In-Context Learning (and Unlearning) of Length Biases
Stephanie Schoch, Yangfeng Ji

TL;DR
This paper investigates how large language models learn and unlearn length biases in their predictions through in-context learning, revealing their ability to adapt and counteract biases without parameter fine-tuning.
Contribution
It is the first to analyze length biases in in-context learning and demonstrates how models can learn, modulate, and unlearn these biases effectively.
Findings
Models learn length biases in the context window.
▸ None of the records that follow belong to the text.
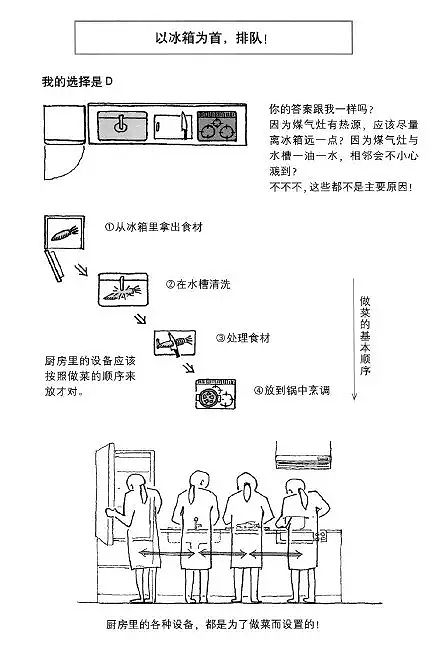 廚房的設(shè)施布置應(yīng)該按照做菜的順序來(lái),從冰箱拿出食材-清洗-處理-烹調(diào),要符合廚房的操作流程,胡亂設(shè)置廚房設(shè)施的話,累的一定是你……
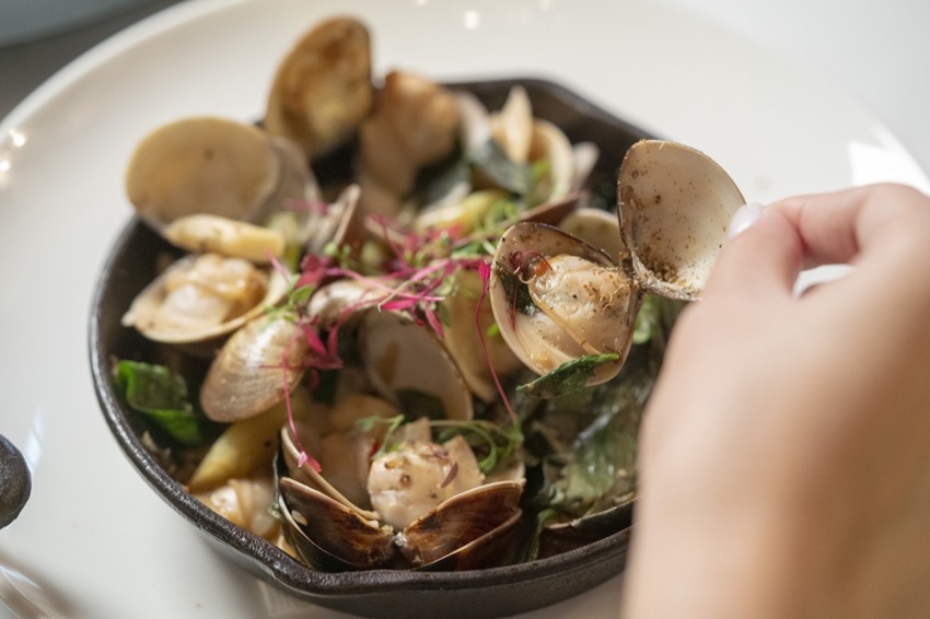 肥美的蛤蜊有白酒的清香,搭配濃郁的九層塔香氣~
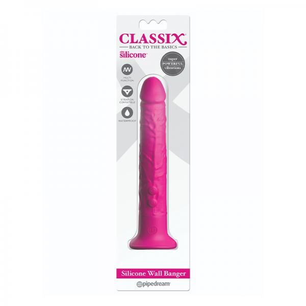 KEY PRODUCT FEATURES Indulge yourself with the simple pleasures of a classic! With ten vibrating functions, a powerful suction-cup base, and a sturdy realistic design, there`s a lot to love about this Classix Silicone Wall Banger! The lower button turns on the strong motor and the upper button cycles through ten intense pleasure functions, while the incredible grip of the suction-cup base holds the dildo securely in place, providing thrilling stimulation right where you want it. Stick the dildo to the floor, wall, bedpost, or almost any flat surface to enjoy wall-bangin` satisfaction with each passionate thrust. And the Classix Silicone Wall Banger is conveniently waterproof – Try it in the spa or shower and turn bath time into pleasure time!ADDITIONAL PRODUCT FEATURES90 Day Limited Warranty, Suction Cup BasePACKAGE CONTENTS(1) 7.5 Wall Banger 2.0
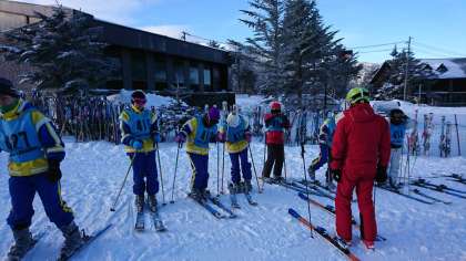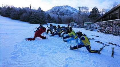 ゲレンデ到着。まだリフトが動いていません。アップ中です。天候は曇り、気温−9度。
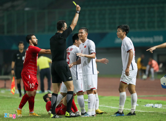 Trung vệ Duy Mạnh nhận thẻ phạt đầu tiên của trận đấu sau pha vào bóng quyết liệt với cầu thủ Syria. Olympic Việt Nam chưa thể đẩy cao đội hình nhằm gây áp lực lên khung thành đối phương.
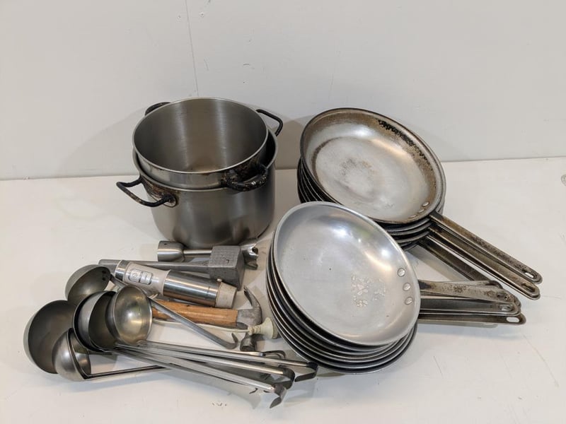 Assorted Cookware, assorted brands and styles, assorted pots, pans, ladles and miscellaneous.
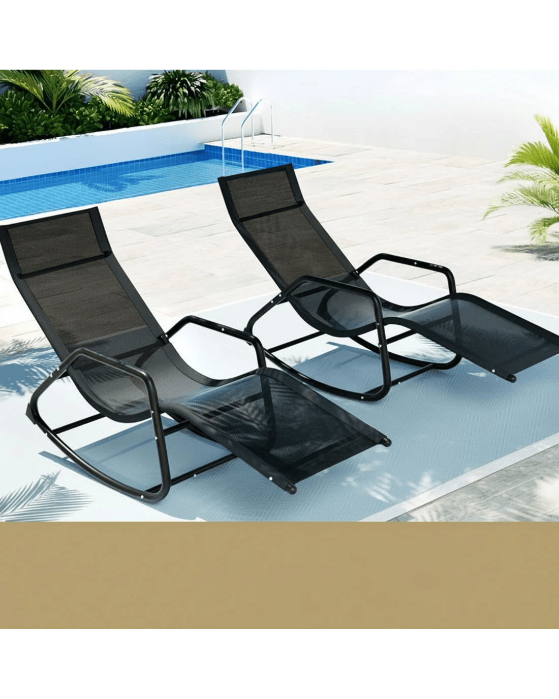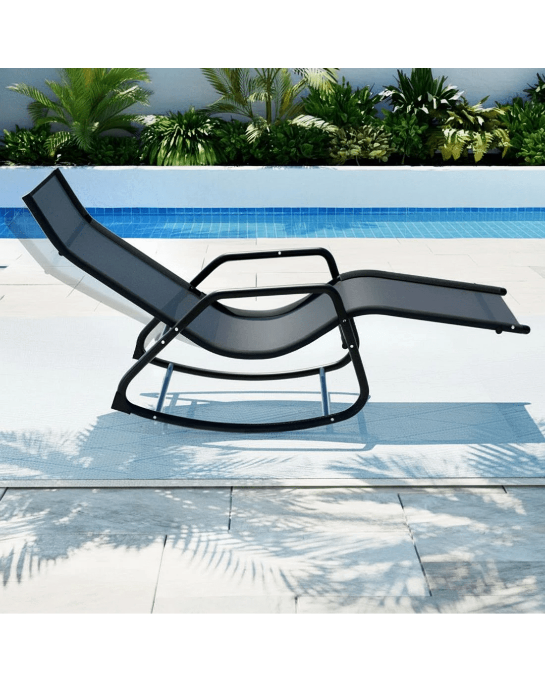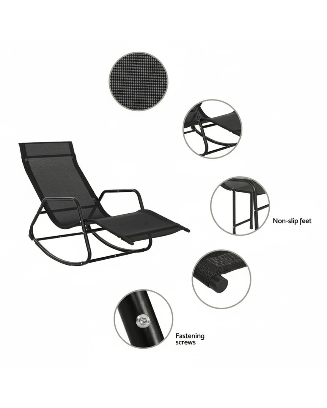Sold by Aisle SixGardeon Sun Lounge Rocking Chair Outdoor Lounger Patio Furniture Pool Garden - Black
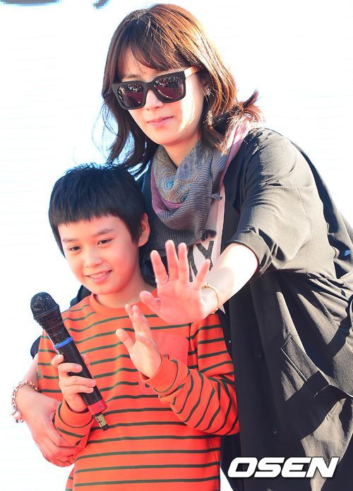 배우 황인영과 아역배우 정윤석이 팬들에게 인사하고 있다.
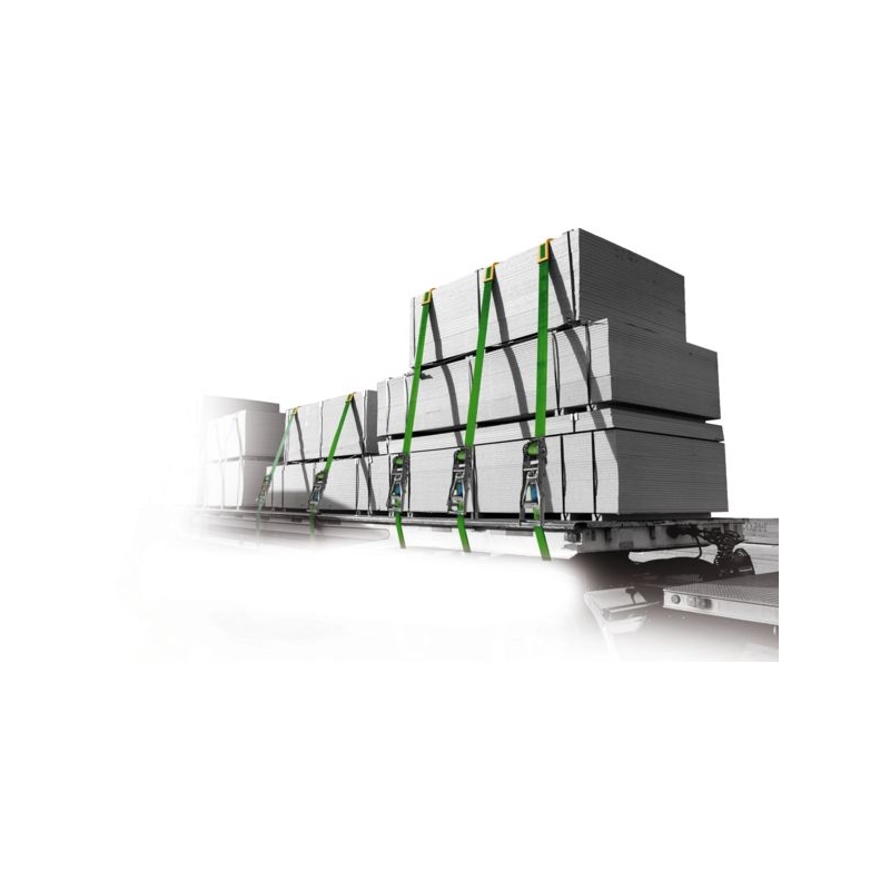 Arrimage 2 parties avec tendeur à cliquet inversé permettant une force d'arrimage maximale sans effort. Avec le tendeur traditionnel, il faut soulever le levier pour tendre la sangle. Sur le tendeur inversé, il suffit de baisser le levier pour effectuer la tension. TMU : 2500 kg Rupture de sangle : 7,5 t Longueur/largeur : 9 m/50 mm Norme : EN 12195-2
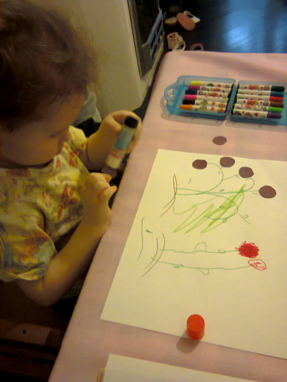 Под стишок весело пособирали ягоды: дочь - землянику свою любимую, маме досталась черника, которую потом мы использовали для аппликации (как раз этот процесс на фото. Тут еще Василиса применила новый для себя метод намазывания клеем на весу :))
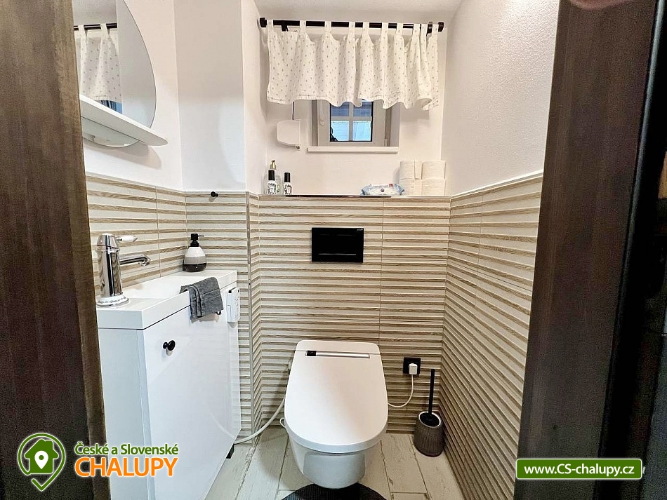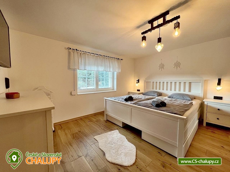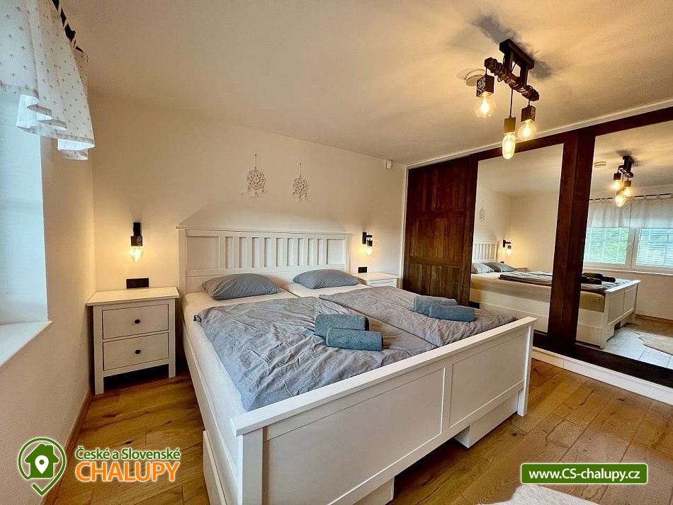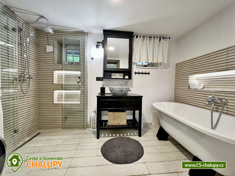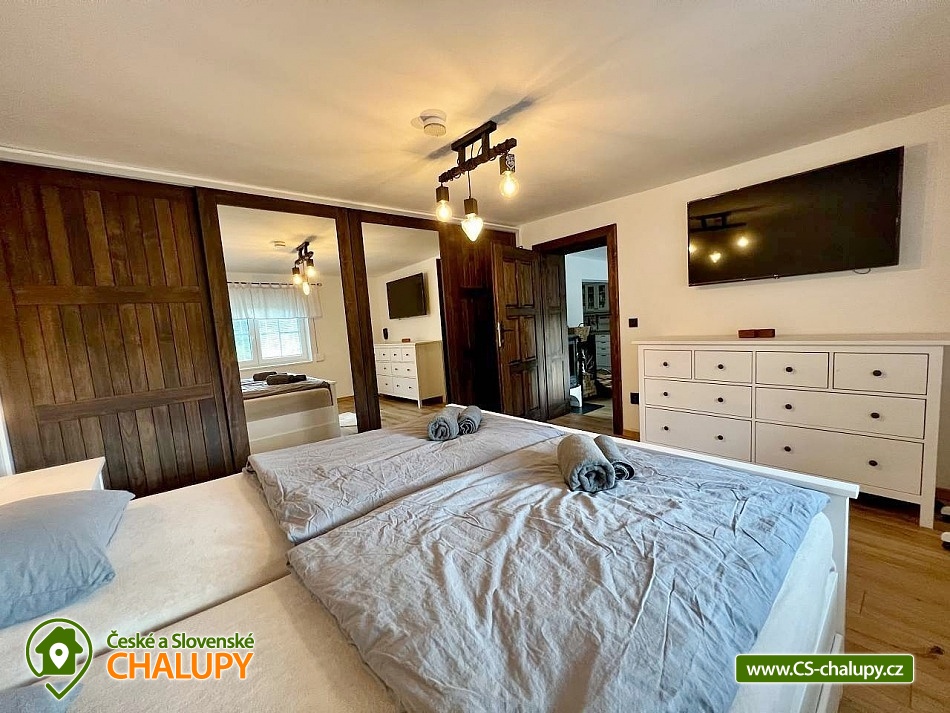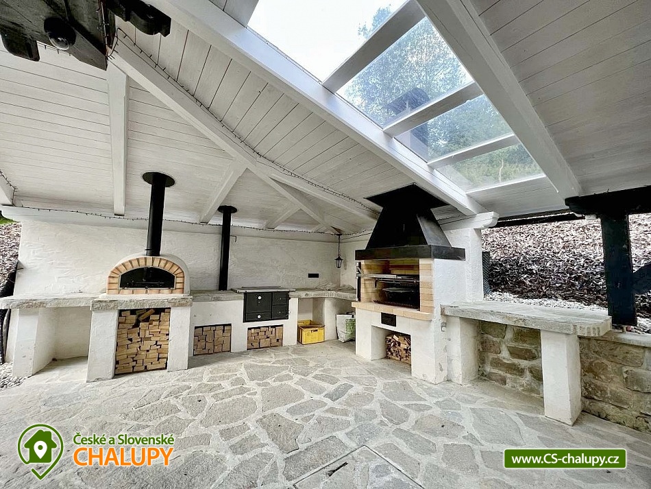 Valašská chalupa s bazénem a wellness leží v horské obci Horní Bečva, v srdci Valašska, v blízkosti Beskydských Pusteven, obklopena lesy, potůčky a přírodou. Ubytování s venkovním bazénem využívaným v letních měsících (1.6.-30.9. - dle počasí), venkovní saunou a vířivkou pro 8 osob ve třech samostatných ložnicích (2x dvoulůžková - manželská postel 180cm, 1x čtyřlůžková - manželská postel 160cm + rozkládací pohovka. K zapůjčení dětská postýlka vždy po domluvě předem. K dispozici je obývací pokoj s krbovými kamny, TV, pohovkou, křeslem, jídelním stolem, který se dá dle potřeby rozložit na větší, dětská jídelní židle taktéž k dispozici a plně vybavená kuchyň (americká lednice, mrazák, mikrovlnná trouba, rychlovarná konvice, myčka, trouba, sporák a kávovar DeLonghi na zrnkovou kávu. Sociální zařízení zahrnuje jednu koupelnu s umyvadlem, sprchovým koutem, volně stojící vanou, pračkou se sušičkou a samostatné WC s umyvadlem a vyhřívaným bidetovým prkénkem, které oceníte hlavně při návštěvě v chladnějším období. Ručníky, šampón, mýdlo, fén na vlasy - to vše je samozřejmě součástí. Na chodbě ke schodišti, je umístěna menší knihovnička s polohovacím křeslem a lampou tzv. čtecí koutek. Z obývacího pokoje je vchod na velkou terasu s posezením a vířivkou, kde se můžete kochat výhledy na okolní lesy a v noci pozorovat krásnou noční oblohu. K dispozici je Wi-Fi připojení. Objekt je vytápěn tepelným čerpadlem a krbovými kamny. Parkování přímo u chalupy v oploceném areálu s kamerovým systémem až pro 4 auta, z toho 3 kryté místa. K dispozici 1x připojení elektro. Na zahradě je připraven vyhřívaný bazén s posezením, lehátky a závěsnými křesly, který je využíván pouze v letních měsících v období, dětské hřiště se skluzavkou, houpačkami a věžičkou a u chalupy kryté venkovní posezení jak pro velké, tak pro malé s kamenným grilem na dřevo a pizza pecí. Hned vedle je umístěno ohniště s posezením k opékání špekáčků. Pro otužilce je zde ochlazovací přírodní jezírko, které je umístěno vedle venkovní sauny a do kterého stále přitéká voda. Možnost otužování celoročně. Na chalupě je pro vás připraveno spoustu deskových her, play station, ale také venkovní hry, jako je Pétanque, Kuželky a Cornhole. Nudit se zde určitě nebudete. Součástí areálu je ještě jedna chalupa, která je sporadicky využívána pouze majiteli k rekreaci - soukromí zajištěno. Chalupa je ideálním místem pro odpočinek, turistiku, kolo, běžky či lyže. Tipy na výlety: procházka k Pustevnám a stezka Valaška nebo na kopec Martiňák, centrum obce Horní Bečva, rozhledna Sůkenická, naučná stezka Soláň a Čertův mlýn, Karlovské muzeum, Tarzanie - horský lanový park, Valašské muzeum v přírodě a ledová galerie - Rožnov pod Radhoštěm. Možnosti koupání: přehrada na Horní Bečvě, biotop na Prostřední Bečvě, koupaliště Velké Karlovice a koupaliště Rožnov pod Radhoštěm. V zimě jsou v blízkosti lyžařská střediska: lyžařská sjezdovka Mečová, areál Kocianka, ski areál Rališka nebo ski areál U Sachovy studánky. Těšíme se na Vás u nás.
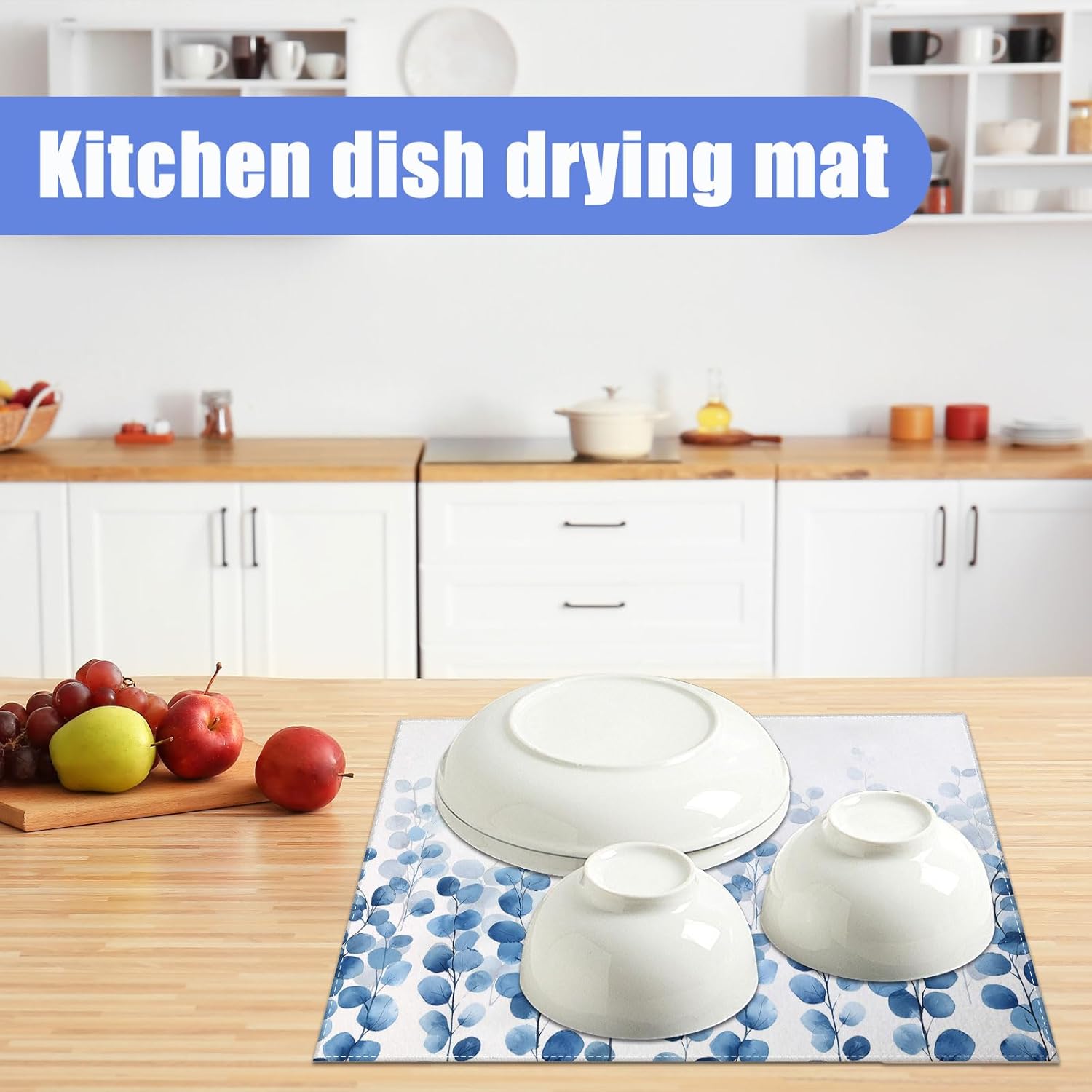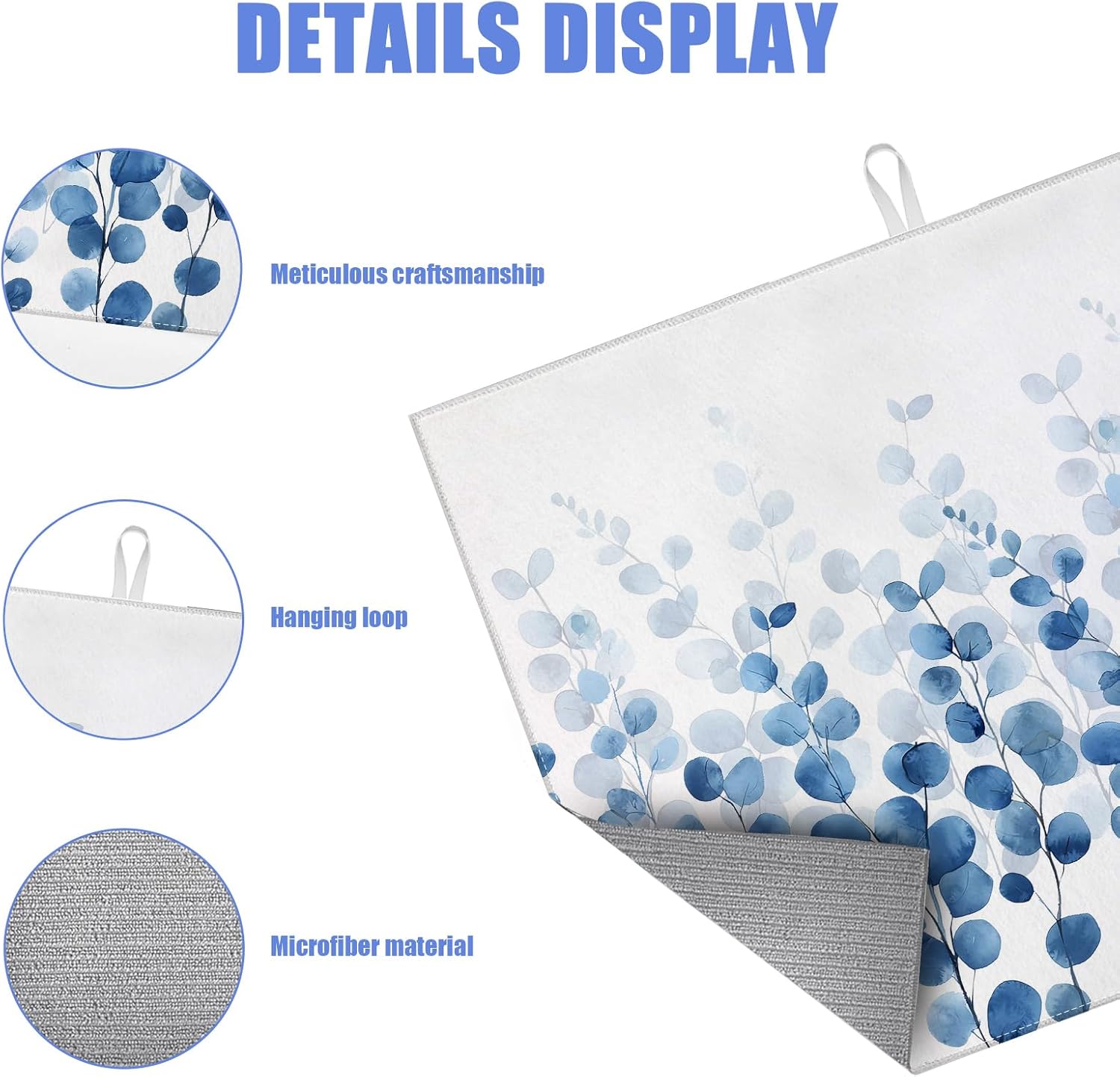 Blue Eucalyptus Leaves Dish Drying Mat for Kitchen Counter Drying Pad Absorbent Reversible Dish Drainer Rack Mats Draining Pad 18"x24"Inch

Factors influencing bias levels are empirically identified.
In-context learning can counteract length biases without fine-tuning.
Abstract
Large language models have demonstrated strong capabilities to learn in-context, where exemplar input-output pairings are appended to the prompt for demonstration. However, existing work has demonstrated the ability of models to learn lexical and label biases in-context, which negatively impacts both performance and robustness of models. The impact of other statistical data biases remains under-explored, which this work aims to address. We specifically investigate the impact of length biases on in-context learning. We demonstrate that models do learn length biases in the context window for their predictions, and further empirically analyze the factors that modulate the level of bias exhibited by the model. In addition, we show that learning length information in-context can be used to counter the length bias that has been encoded in models (e.g., via fine-tuning). This reveals the power…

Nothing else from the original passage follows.